岳雲也是一臉的動容。
他比秦武看得更遠。
這場勝利,不僅僅是一場軍事上的勝利,更是一場經濟上的巨大勝利!
這些繳獲的物資,尤其是戰馬,將為大幹帝國注入一股無比強勁的動力。
而這一切,都源於城樓上那個白衣青年。
當所有人的目光,再次匯聚到陸淵身上時,那眼神,已經不再是單純的敬畏。
那是一種混雜著狂熱。崇拜。甚至是……信仰的複雜情感。
他們看著陸淵,就像看著一尊行走在人間的神明。
一個普通計程車兵,或許無法理解那些複雜的戰略戰術。
但他們能看到最直觀的東西。
西面的山谷裡,繳獲的戰馬匯成了一片黑色的海洋,嘶鳴聲直衝雲霄,需要數萬名士兵日夜看管。
南面的空地上,收繳上來的兵器鎧甲,堆成了一座又一座的鋼鐵小山,在陽光下閃爍著森然的光芒。
東面的臨時營地裡,數萬名垂頭喪氣的蠻族俘虜,正在大幹士兵的看押下,進行著繁重的勞役,清理戰場,搬運屍體。
而他們自己,這場曠世大捷的參與者,傷亡卻微乎其微。
除了最初守城時的一些損失,以及追擊鐵木真時付出的代價,整場圍殲戰打下來,大幹一方的戰損,甚至不足三萬!
以不足三萬的代價,換取了全殲敵軍四十萬的輝煌戰果!
這是一個超過十比一的,堪稱神話的戰損比!
“我……我當了三十年的兵,從沒打過這麼富裕的仗!也從沒打過這麼痛快的仗!”
一個滿臉滄桑的老兵,一邊擦拭著自己心愛的長刀,一邊看著遠處堆積如山的戰利品,忍不住熱淚盈眶。

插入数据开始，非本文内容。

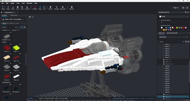 I use BrickLink Studio for my digital models and instructions. When I started in 2021, it was overwhelming—even with experience of using programs like ArchiCAD and AutoCAD Revit. But after a few tutorials and a lot of hands-on practice, I forced myself to learn it so I could create instructions properly.
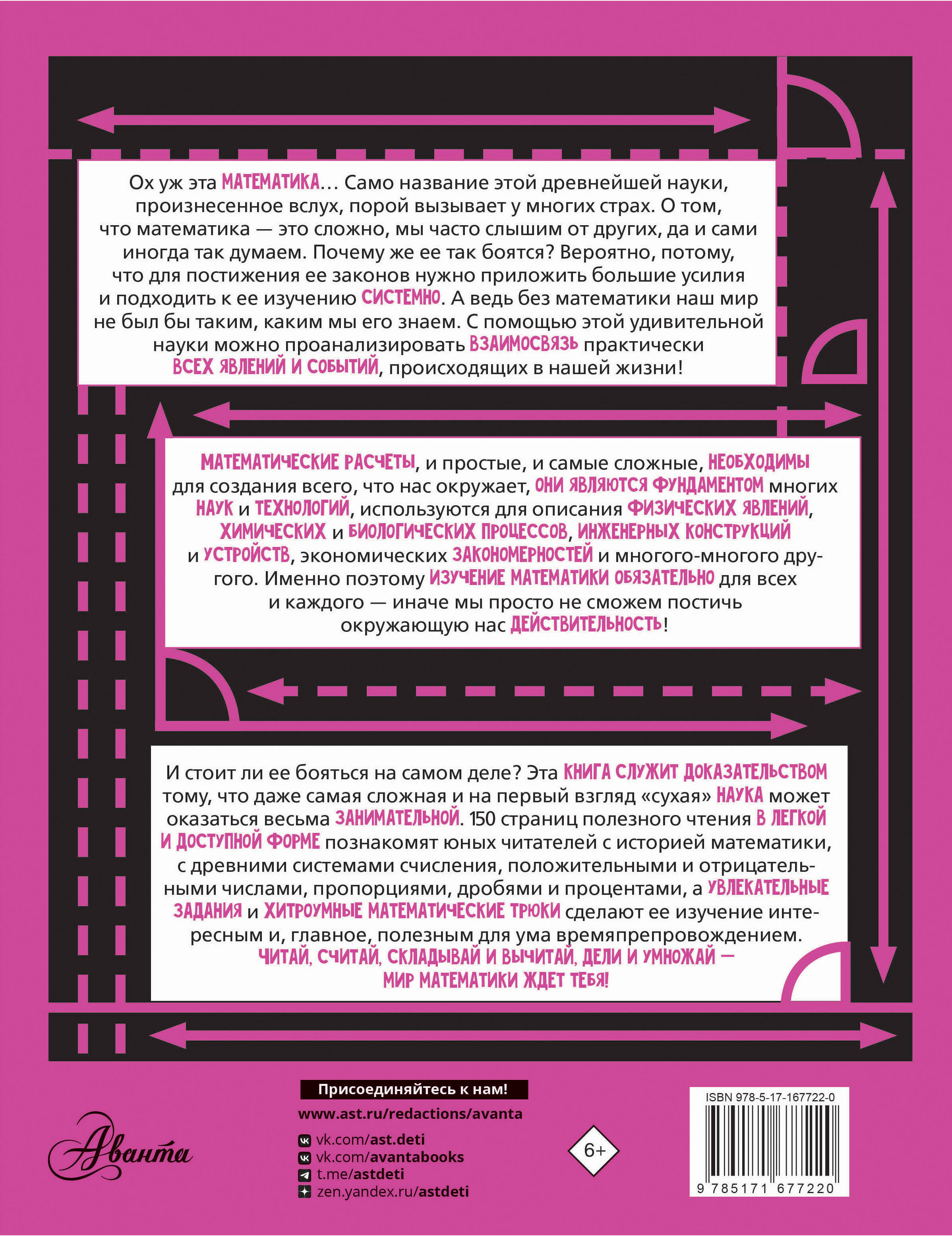 Представить современный мир без математики абсолютно невозможно, ведь все, что нас окружает, подчиняется ее незыблемым законам. Недаром выражение "как дважды два четыре" означает непререкаемую истину. Постигать основы этой царицы всех наук мы начинаем в раннем детстве спростого счета, затем на протяжении жизни сталкиваемся с математическими алгоритмами ежедневно в самых разных сферах деятельности. В этой книге основы математики представлены в доступной игровой форме, благодаря чему ребята смогут легко освоить этот предмет самостоятельно. 150 страниц полезного чтения расскажут им об истории этой точной науки и о древних системах счисления, познакомят с нумерацией, счетом, разрядами и классами чисел, процентами и дробями, научат основам геометрии. Кроме того, здесьчитатели найдут множество математических трюков, которые позволят им удивить друзей и одноклассников. А главное - изучая книгу, юные исследователи смогут убедиться, что математика вовсе не так уж страшна, как о ней говорят, а напротив, весьма занимательная и увлекательная наука! Для среднего школьного возраста.

“以前跟蠻子打,我們死三五個,才能換掉他們一個。現在,是咱們站著不動,他們哭著喊著上來送死!”
“這都是託了冠軍侯的福啊!”
“是啊!要不是侯爺,我們雲州城早就破了,我們這些人,也早就成了蠻子刀下的鬼了!”
“以後誰敢說侯爺半句不是,我第一個跟他急!”
“沒錯!侯爺就是活著的軍神!是我們所有人的再生父母!”
類似的話語,在整個軍營中,隨處可聞。
士兵們的情緒,是最樸素,也是最真實的。
誰能帶領他們打勝仗,誰能讓他們活下來,還獲得榮耀和戰利品,他們就擁護誰,崇拜誰。
而陸淵,無疑已經做到了極致。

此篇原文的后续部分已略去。